→ Problem statement
Return the listing below exactly, with the pictures dropped.

Material provided Start Marker

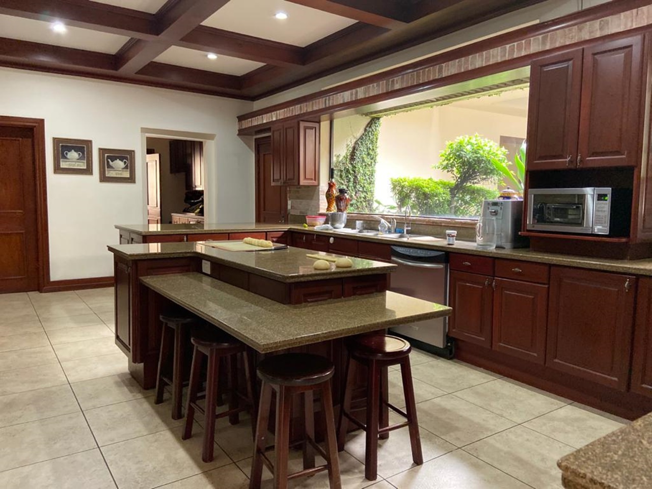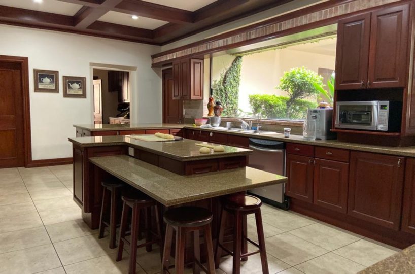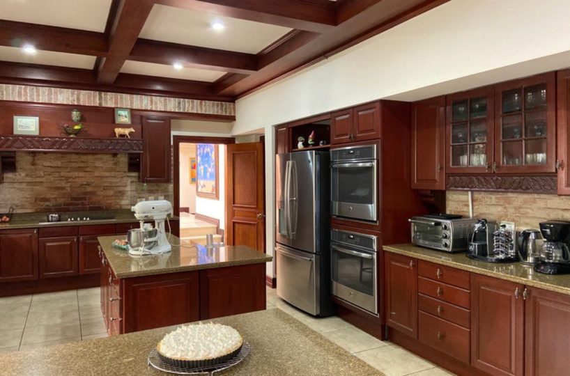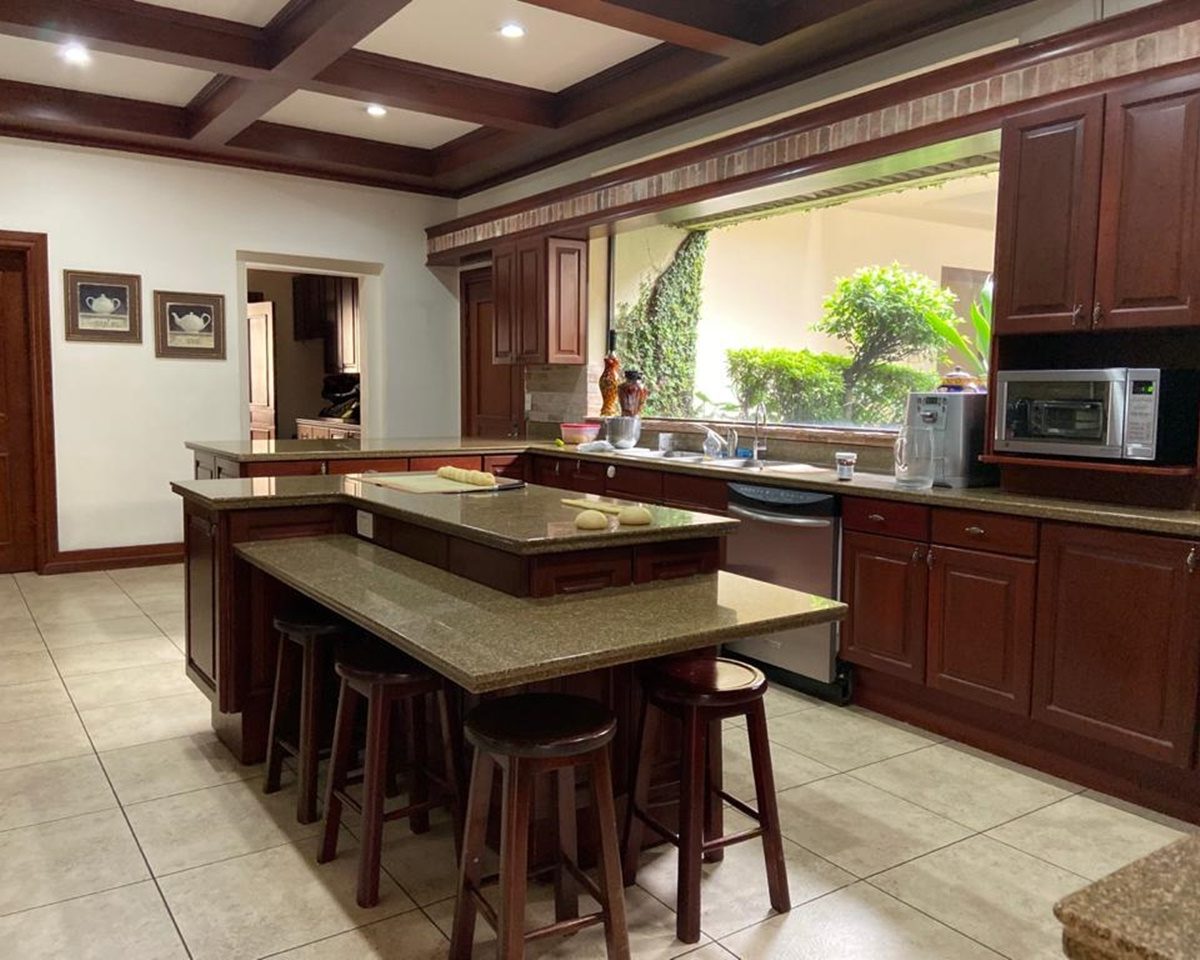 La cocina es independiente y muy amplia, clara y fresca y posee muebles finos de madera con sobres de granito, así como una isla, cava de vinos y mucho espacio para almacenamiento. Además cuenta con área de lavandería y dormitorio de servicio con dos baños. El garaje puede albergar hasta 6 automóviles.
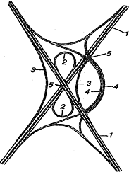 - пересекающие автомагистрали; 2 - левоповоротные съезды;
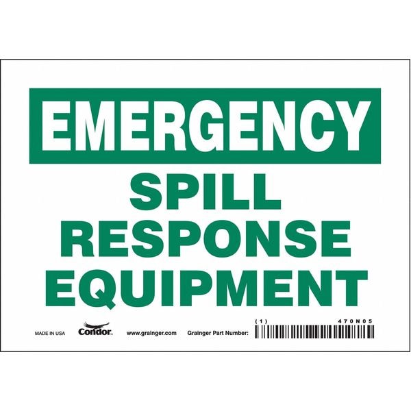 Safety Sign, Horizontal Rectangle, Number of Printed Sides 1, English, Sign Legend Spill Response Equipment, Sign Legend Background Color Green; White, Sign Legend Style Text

Material provided End Marker

→ Your solution
 La cocina es independiente y muy amplia, clara y fresca y posee muebles finos de madera con sobres de granito, así como una isla, cava de vinos y mucho espacio para almacenamiento. Además cuenta con área de lavandería y dormitorio de servicio con dos baños. El garaje puede albergar hasta 6 automóviles.
 - пересекающие автомагистрали; 2 - левоповоротные съезды;
 Safety Sign, Horizontal Rectangle, Number of Printed Sides 1, English, Sign Legend Spill Response Equipment, Sign Legend Background Color Green; White, Sign Legend Style Text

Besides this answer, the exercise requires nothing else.